Angeklagt wegen des Verdachts der schweren Untreue ist nun der damalige Chef des landeseigenen Baubetriebs BLB, Ferdinand Tiggemann. Die Baukosten für das Archiv im Duisburger Innenhafen waren von ursprünglich geplanten 30 auf über 200 Millionen Euro aus dem Ruder gelaufen.
Das NRW-Landesarchiv gab dem Korruptionsskandal um den Landesbaubetrieb BLB jahrelang ein Gesicht. Der 70 Meter hohe fensterlose Betonkoloss im Duisburger Innenhafen wurde zu einer Akten-Verwahrstelle der besonderen Art. Ganz zu Beginn sollte der umstrittene Archivneubau 30 Millionen Euro kosten, zum Schluss sollen es über 200 Millionen Euro gewesen sein. Spätestens da galt er bereits als "Elbphilharmonie des Westens".
Der einst mächtige Ex-Boss des größten Landesbetriebs Nordrhein-Westfalens soll aber die Grundstücke für das Landesarchiv im Duisburger Innenhafen für knapp 30 Millionen Euro gekauft haben, obwohl sie laut Gutachten lediglich 21,8 Millionen Euro wert waren. Nachverhandlungen habe er nicht geführt und auf Rücktrittsrechte verzichtet. Damit habe er dem Land NRW einen Vermögensnachteil von 8,1 Millionen Euro beschert, führt die Anklage aus.
Tiggemann sitzt bereits wegen Korruption bei anderen Bauprojekten in Untersuchungshaft. Das Landgericht hatte ihn im Februar wegen Bestechlichkeit und Untreue zu siebeneinhalb Jahren Haft verurteilt. Das Urteil ist noch nicht rechtskräftig.
Das Gericht in Düsseldorf, bei dessen Bau ebenfalls Korruption im Spiel gewesen sein soll, hatte deutliche Worte für den Baumanager gefunden: "Einer der bestbezahlten Funktionsträger des Landes Nordrhein-Westfalen hat sich federführend an einem kriminellen Komplott zu Lasten der Steuerzahler beteiligt", hatte der Vorsitzende Richter Guido Noltze ausgeführt.
Tiggemann war noch im Gerichtssaal verhaftet worden. Er soll mindestens 178 000 Euro Schmiergeld kassiert haben. In einer Reihe von Fällen, bei denen das Land durch den Baubetrieb BLB als Bauherr auftrat, waren dem Steuerzahler Schäden in Millionenhöhe entstanden. Dies hatten Prüfungen des Landesrechnungshofs bestätigt.

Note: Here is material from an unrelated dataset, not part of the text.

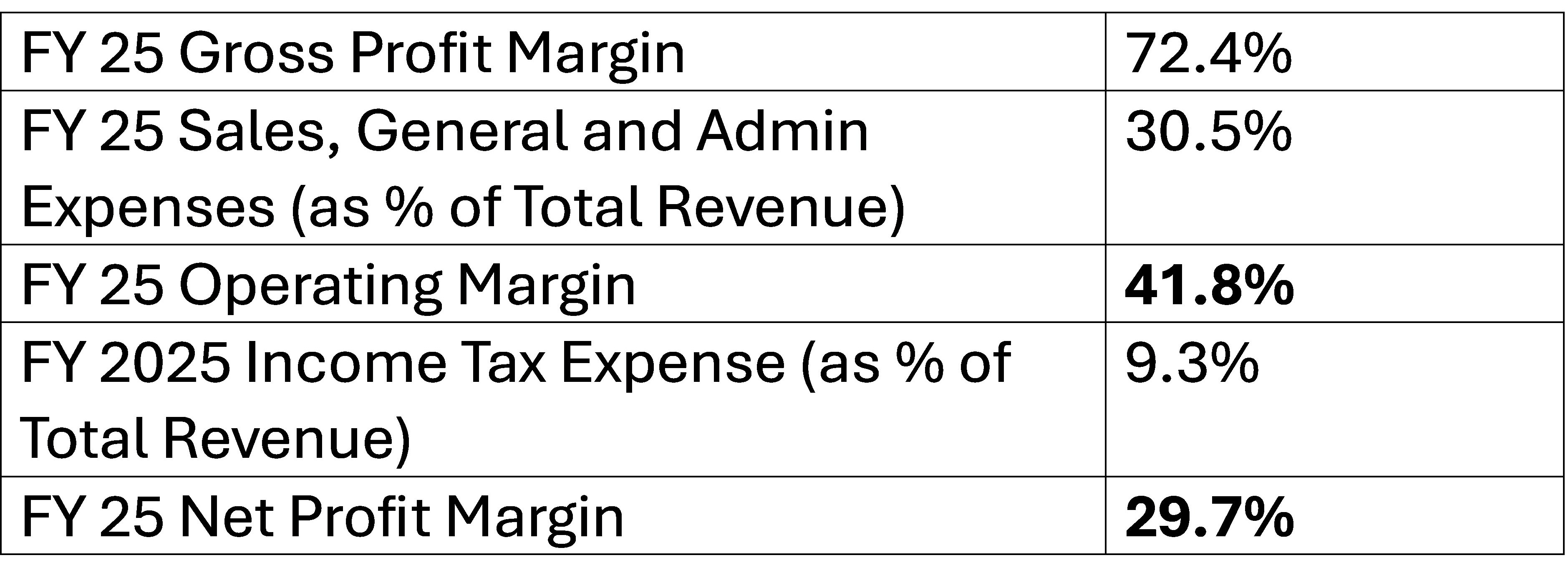 There has been a slight increase in both Operating and Net Profit Margin in the last decade. These stand at 41.8% and 29.7% respectively.

Tiggemann soll über etliche Jahre Informationen über anstehende Bauprojekte an einen mehrfach vorbestraften Berufskriminellen "durchgestochen" haben. So konnten Zwischenkäufer dem Land die Grundstücke wegschnappen und mit Millionen-Aufschlägen weiterverkaufen.

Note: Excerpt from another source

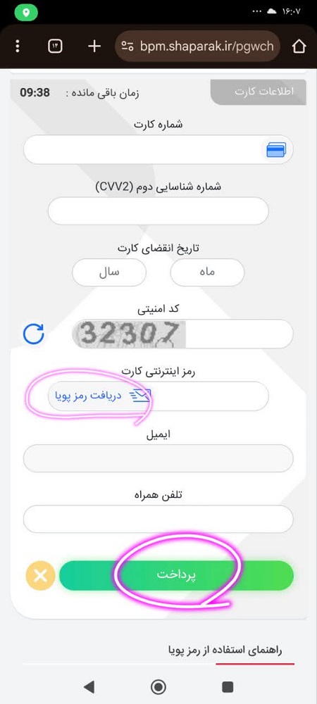 مرحله پرداخت آنلاین با کارتهای بانکی:

Im Fall des Landesarchiv ließ sich der Korruptionsverdacht letztlich nicht erhärten. Die Zwischenkäufer hatten ihre Unschuld beteuert und betont, auf das Angebot eines obskuren Mittelsmanns, eines vorbestraften Immobilienmaklers, nicht eingegangen zu sein. Sie hätten bereits vorher Kontakt zum Alteigentümer der Flächen gehabt.
Gegen Tiggemann, dem nun zwei weitere Strafprozesse drohen, war bereits im Sommer eine weitere Anklage erhoben worden: Im Zusammenhang mit dem Grundstückskauf "Kölner Domgärten" wird ihm ebenfalls Untreue vorgeworfen.

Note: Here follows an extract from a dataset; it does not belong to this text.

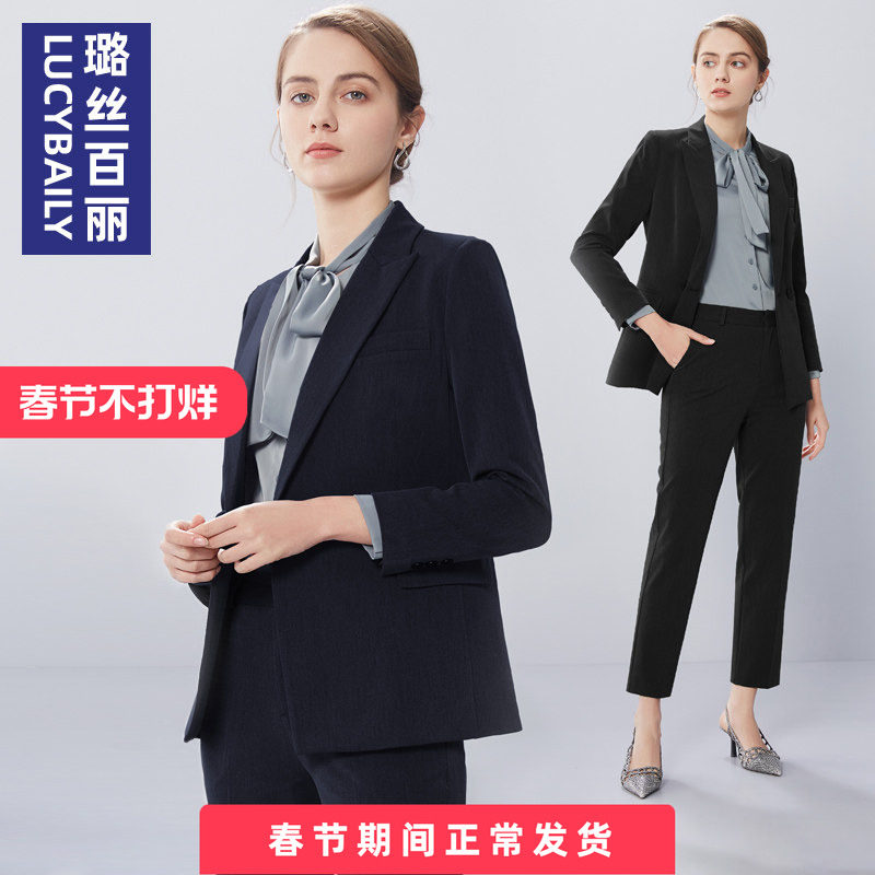 璐丝百丽藏蓝色西装套装女气质时尚2025年春秋新款洋气西服职业装

Beim Kauf der Grundstücke der Kölner Dombrauerei sollen weit überhöhte Preise gezahlt worden sein. Dem Steuerzahler sei dabei den Ermittlungen zufolge sogar ein Schaden von fast 48 Millionen Euro entstanden.
Tiggemann und seine Verteidiger hatten mehrfach dessen Unschuld beteuert. Im Fall des Landesarchivs halten ihm die Ermittler nun zugute, dass er die Erwartung der Landesregierung erfüllen wollte, den Bau rechtzeitig zum Europäischen Kulturstadtjahr 2010 als "Leuchtturmprojekt" für das Ruhrgebiet fertiggestellt zu bekommen.
Zwei Untersuchungsausschüsse des Landtags hatten die Vorgänge aus den Jahren 2007 und 2008 überprüft. Der damalige Ministerpräsident Jürgen Rüttgers (CDU) war dabei als Zeuge vernommen worden.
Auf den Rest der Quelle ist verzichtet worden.